Monthly payment = $1000 ( $400 is interest, $600 is principal)

Outstanding mortgage: $200,000 - $600= $199,400

Net worth: $400,000 - $199,400 = $200,600

The only thing up for debate is whether you should track the changes in the value of your home. Opinions vary. For me I don't think its worth the time. I have the value set to what I paid for my condo and I deal with what happens when I go to sell it.


----------



## Rickson9 (Apr 9, 2009)

michika said:


> My question is what is it that I should be doing?
> 
> Help? I'm lost!


You should be reading a wide variety of personal finance books.


----------



## FrugalTrader (Oct 13, 2008)

michika said:


> Can you elaborate more on this one? Tentatively I have about 40%-45% of my net income earmarked for our joint savings, and my RSP. However I'm just in the process of rebuilding my emergency savings after an unfortunate set-back, but I'll be back on track in a couple of weeks, so all in all its just a minor set-back.
> 
> Yes my partner is in a significantly higher bracket then myself. He has started contributing to his RSP, and is being matched by his company. The downside is that he can only change the amount he contributes per check once a year. Next year we're hoping to triple the number once his debt is gone.
> 
> ...


If you are saving 40-45% of your income, then you are well ahead of most. Keep it up! For us, we put away a certain percentage per paycheck, along with banking any pay raises/tax refunds or other bonus money.

Here are more details on how to calculate your net worth.

If you're interested, I would even suggest that you start a financial diary in the money diary forum. That way, you are publicly accountable (but still anonymous) for your financial goals. I find that posting my monthly net worth update on MDJ keeps me on my toes, so it may help you as well.


----------



## michika (Apr 20, 2009)

Okay well I think I've got my net worth calculated, but I think my house has severely skewed the numbers. I'll leave it in for now, but I've highlighted it just to remind myself why my numbers look so high.

We had a fantastic opportunity to purchase our house last year. Its the "ugly house" on the street because we lack professional landscaping, and the interior isn't inlaid with gold. So we purchased for well below the neighbourhood average and our mortgage is small in comparison to others around us, but it still feels huge to us.

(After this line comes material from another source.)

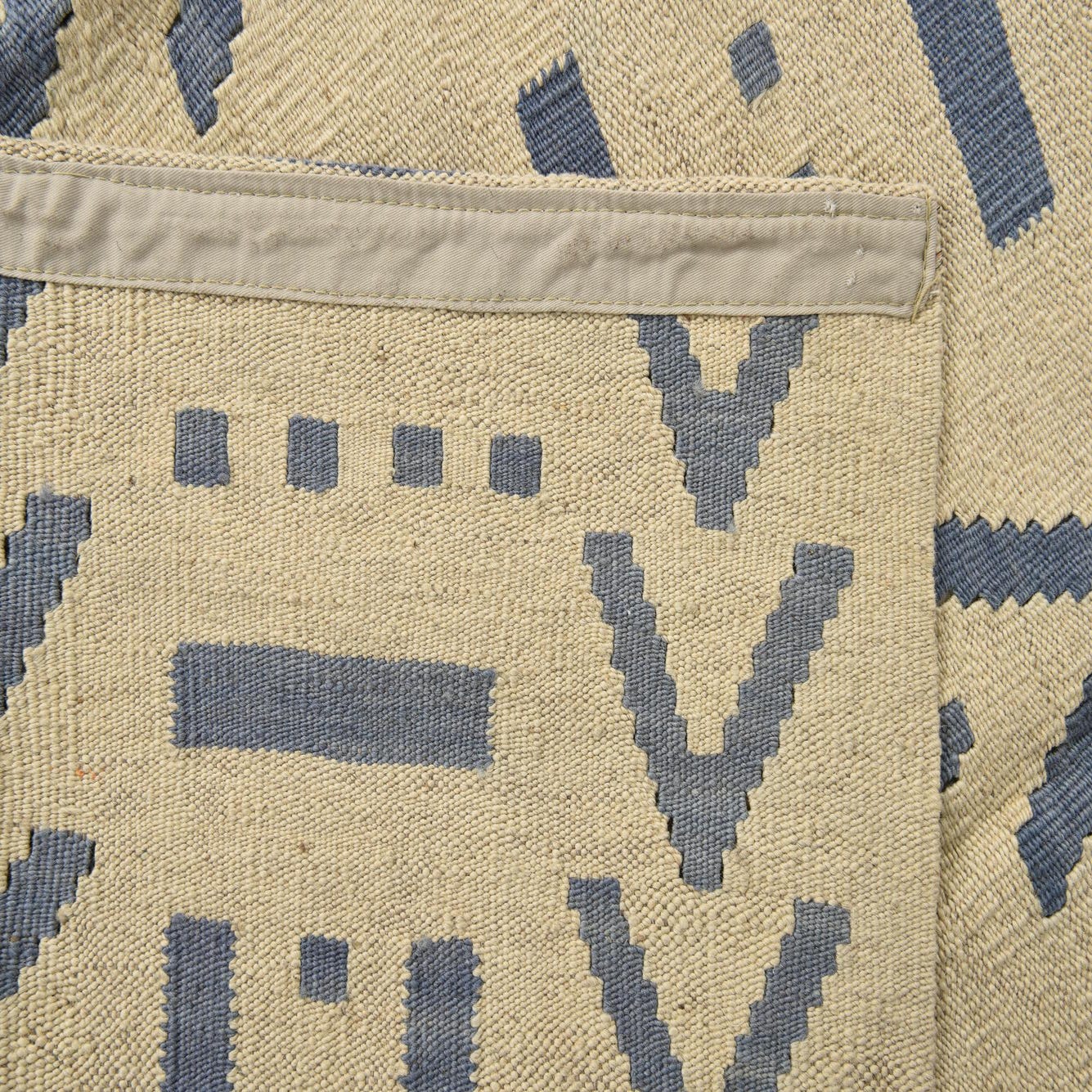 With its balanced color palette, this piece serves as a versatile foundation for a living room, office, or dining area. It pairs seamlessly with neutral furnishings to create a serene ambiance, or can be the anchor for vibrant decor, allowing the blue accents to stand out. The texture and flatweave technique add an organic touch to the space, making it an ideal selection for those who appreciate the craftsmanship and enduring quality of hand woven textiles.

The plan I have now is to better formulate my debt repayment plan. I'm going to write it out in one single place and keep it there rather then re-writing it from memory on scrap pieces of paper all the time.

I checked out all the suggested titles at the library. Most were out, have a wait list, or are not available. I put those I could on hold for myself, and those I couldn't access I'm going to take a look around online later on and see what my options are.

I guess then the next step is just to execute my above plan and see how it all goes! First step seems to be the Money Diary forum.


----------